Calling the groundbreaking an historic day for Lebanon, Mayor Lewis said planning has been underway for the past two years.

“The partnership is really unbelievable, with Vincennes, I’ve known about its tool & die work for years and years and years. And then to have Haas step in and especially to give us a grant for $1.5 million, is just unbelievable. The partnership has been fantastic and it will continue,” said Mayor Lewis.

VU will operate the Center, using the latest state-of-the-art Computer Numerical Control (CNC) machine tools from Haas Automation, and Metalworking Skills (NIMS).

Doug Bowman, director of VU’s Haas Technical Education Center in Vincennes, developed the curriculum that will be used in Lebanon.

“Among the world of training and education in advanced manufacturing, he is our rock star,” Tucker said. Bowman has been an instructor in the machining field since 1984.

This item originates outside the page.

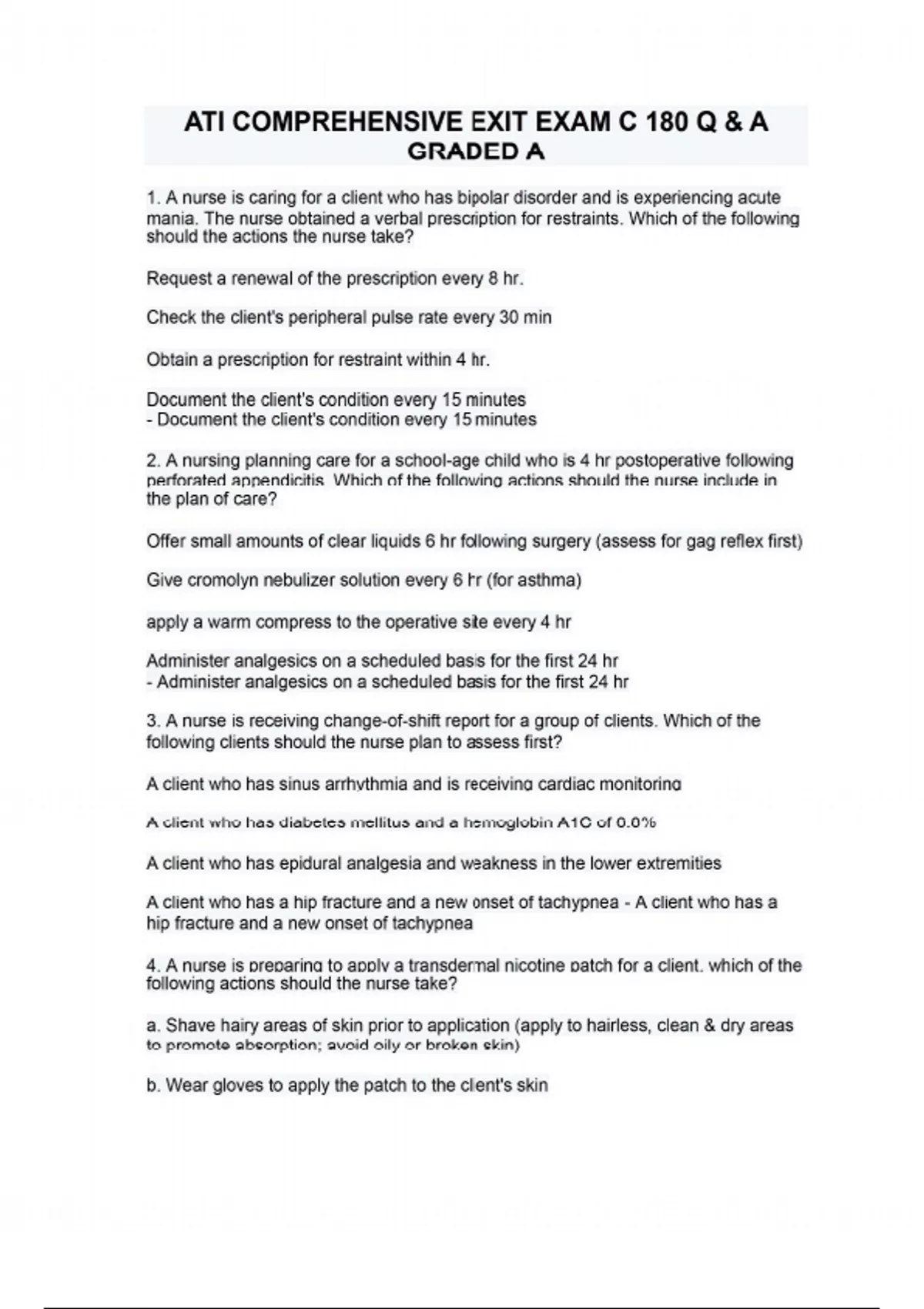 ATI COMPREHENSIVE EXIT EXAM C 180 Q & A GRADED A

Great opportunities await graduates at Lebanons Haas Center, according to a VU alumnus of the program. Ben Gordon graduated from VU’s Advanced

Manufacturing program in 2009 and is now a sales representative in Ohio for Haas.

“There are phenomenal opportunities for graduates. They are endless. The possibilities for a student to come out and do incredible things – anywhere from automotive to medical. I¹ve made spinal implants for companies,” Gordon said.

Bowman says that Indiana will need 7,000 new machinists over the next five years.

“Providing this high-quality training on state-of-the-art equipment will help bridge the advanced manufacturing skills gap,” said Bowman.